- North American arcade flyer
- Developer: Taito
- Publisher: Taito
- Designer: Tetsuya Sasaki
- Platform: Arcade Atari 2600, ColecoVision, FM-7, MSX, Famicom, PC-6001, PC-8801, PC-9801, Sharp X1;
- Release: November 10, 1982 Arcade JP: November 10, 1982; WW: November 1982; ColecoVision NA: December 1983; PC-8801 JP: 1983; X1 JP: 1983; 2600 NA: March 1984; MSX JP: 1984; FM-7 JP: 1985; Famicom JP: August 1, 1985; ;
- Genre: Run and gun
- Modes: Single-player, multiplayer
- Arcade system: Taito SJ System

= Front Line (video game) =

1982 video game

 is a 1982 run and gun video game developed and published by Taito for arcades. It was one of the first overhead run and gun games, a precursor to many similarly-themed games of the mid-to-late 1980s. Front Line is controlled with a joystick, a single button, and a rotary dial that can be pushed in like a button. The single button is used to throw grenades and to enter and exit tanks, while the rotary dial aims and fires the player's gun.

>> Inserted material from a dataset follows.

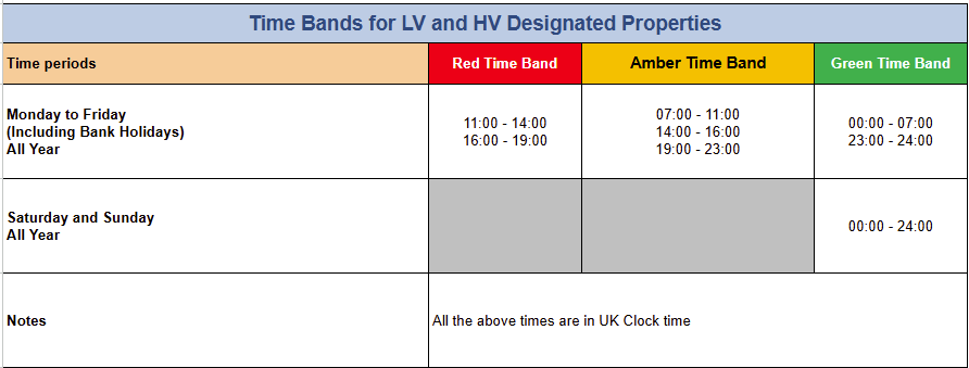 The above tariff tables illustrate how these time bands translate into materially different unit charges across Red, Amber and Green periods reinforcing the financial impact of peak-period exposure.

The game was a commercial success in Japan, where it was the seventh highest-grossing arcade game of 1982. However, it received a mixed critical and commercial reception in Western markets, with praise for its originality but criticism for its difficulty. The game's overhead run and gun formula preceded Capcom's Commando (1985) by several years. The SNK shooters TNK III (1985) and Ikari Warriors (1986) follow conventions established by Front Line, including the vertically scrolling levels, entering/exiting tanks, and not dying when an occupied tank is destroyed.

==Gameplay==
Playing as a lone soldier, the player's ultimate objective is to lob a hand grenade into the enemy's fort, first by fighting off infantry units and then battling tanks before finally reaching the opponent's compound.

The player begins with two weapons: a pistol and grenades, with no ammo limit. Once the player has advanced far enough into enemy territory, there is a "tank warfare" stage in which the player can hijack a tank to fight off other enemy tanks.

There are two types of tanks available: a light tank armed with a machine gun and a heavy tank armed with a cannon. The light tank is more nimble, but can be easily destroyed by the enemy. The heavy tank is slower, but can sustain one hit from a light tank; a second hit from a light tank will destroy it. A single shot from a heavy tank will destroy either type of tank. If a partially damaged tank is evacuated, the player can jump back in and resume its normal operation; however, with either type of tank, the player must exit the vehicle within a few seconds of being struck by a fatal shot. If the player does not exit a tank before it explodes, they lose a life. An extra life is awarded at 10,000 or 15,000, and none thereafter.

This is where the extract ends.